Il aurait échangé cette érudition contre la citoyenneté et un travail, aussi modeste soit-il, il aurait accepté de fabriquer des babioles en plastique, quatorze heures par jour, six jours sur sept, 200 $ par mois, pour demeurer dans sa Chine bien aimée. Mais on lui fit comprendre que cela était impossible, qu’on n’avait rien contre lui, mais qu’on était déjà assez nombreux comme cela. Il fit part de son désarroi au recteur de son université.

 


« Mais enfin, Maître, il doit bien arriver que la Chine accepte des immigrants sur son territoire !

 

— Des gens qui ont de l’argent à y investir, oui.

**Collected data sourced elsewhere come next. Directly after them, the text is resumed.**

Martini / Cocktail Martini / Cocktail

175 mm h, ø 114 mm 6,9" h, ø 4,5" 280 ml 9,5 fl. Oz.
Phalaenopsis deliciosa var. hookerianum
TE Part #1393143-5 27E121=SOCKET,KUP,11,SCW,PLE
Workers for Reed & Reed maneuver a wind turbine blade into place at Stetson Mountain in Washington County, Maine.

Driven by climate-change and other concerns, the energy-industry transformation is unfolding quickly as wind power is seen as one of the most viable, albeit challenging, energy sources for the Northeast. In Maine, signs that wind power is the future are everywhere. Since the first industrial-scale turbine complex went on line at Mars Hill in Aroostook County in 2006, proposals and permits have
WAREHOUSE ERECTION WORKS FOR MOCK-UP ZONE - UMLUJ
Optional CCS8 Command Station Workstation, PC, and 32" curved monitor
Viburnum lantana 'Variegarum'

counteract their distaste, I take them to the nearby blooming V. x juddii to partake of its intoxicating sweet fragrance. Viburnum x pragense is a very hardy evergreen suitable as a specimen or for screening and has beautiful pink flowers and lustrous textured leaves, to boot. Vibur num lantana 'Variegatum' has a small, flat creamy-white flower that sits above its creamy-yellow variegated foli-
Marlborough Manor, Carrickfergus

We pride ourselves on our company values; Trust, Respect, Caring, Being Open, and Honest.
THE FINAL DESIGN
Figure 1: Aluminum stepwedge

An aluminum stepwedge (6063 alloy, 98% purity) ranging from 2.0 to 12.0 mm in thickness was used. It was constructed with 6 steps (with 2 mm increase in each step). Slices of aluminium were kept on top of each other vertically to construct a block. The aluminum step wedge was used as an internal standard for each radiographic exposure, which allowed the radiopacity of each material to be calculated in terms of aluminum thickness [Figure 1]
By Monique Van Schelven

Va faire fortune chez toi et revient.

 

— Faire fortune est long et hasardeux, il doit bien y avoir un autre moyen.

 

— Commets un crime et ainsi tu croupiras dans une prison chinoise pour le reste de tes jours.

 


— Maître, vous êtes un génie !

 


— Certes. Mais vous savez que je plaisantais ? »

 

Oui, mais il s’accrocha néanmoins à cette idée comme à son unique bouée. Être bagnard en Chine lui semblait un sort plus enviable qu’être universitaire en Amérique. Mais quel crime commettre ? Sa conscience refusait le meurtre, et il savait que les menus larcins ne lui vaudraient qu’une peine légère suivie d’une expulsion. Il arrêta son choix sur l’espionnage. Il ne disposait d’aucun secret d’État chinois à négocier, mais il inventerait. On tiendrait compte de l’intention. Il se rendit au Musée d’histoire militaire de Beijing, y acheta une carte postale représentant de vieux engins balistiques, et l’adressa au ministre canadien de la Défense, avec le message suivant (en caractères chinois, pour que sa carte soit interceptée par les gens de la poste) : « Monsieur, je n’ai pas l’honneur d’appartenir aux services secrets, mais le simple patriotisme me pousse à prendre la plume pour vous faire part de la menace qui pèse sur notre pays. Voyez ces missiles au recto, fruits des plus récents développements de la technologie chinoise : je sais de source sûre qu’ils sont pointés vers Ottawa et que la mise à feu est imminente. J’espère que vous agirez en conséquence. Bonjour à votre épouse, le cas échéant. » Il signa la carte, l’affranchit et rentra à Shanghai.

 

Le lendemain, un quatuor d’hommes en noir se présenta à sa porte. L’un d’eux lui tendit sa carte postale :

 

« Niez-vous être l’auteur de ceci, monsieur ?

 

— Nullement.

 

— Daignerez-vous expliquer votre démarche ?

 

— Mon texte parle de lui-même, il me semble. J’ai voulu avertir mon pays des projets militaires de la Chine.

 

— Vous croyez réellement que le gouvernement chinois produit des cartes postales représentant ses installations militaires secrètes ?

 

— Je ne connais rien des usages du gouvernement chinois. J’ai préféré ne pas prendre de risques.

 

— Monsieur, vous êtes un sot. Vous avez néanmoins tenté d’espionner. Veuillez nous suivre. »

 

Son procès se déroula rondement. Il fut un peu outré en entendant son avocat plaider la démence mais, au bout du compte, c’est ce qui lui évita la peine capitale. Il fut plutôt conduit à la prison de Qing Pu. De la fenêtre de sa cellule il apercevait la Perle de l’Orient, et cela suffisait à son bonheur. Il ne quitterait jamais la Chine.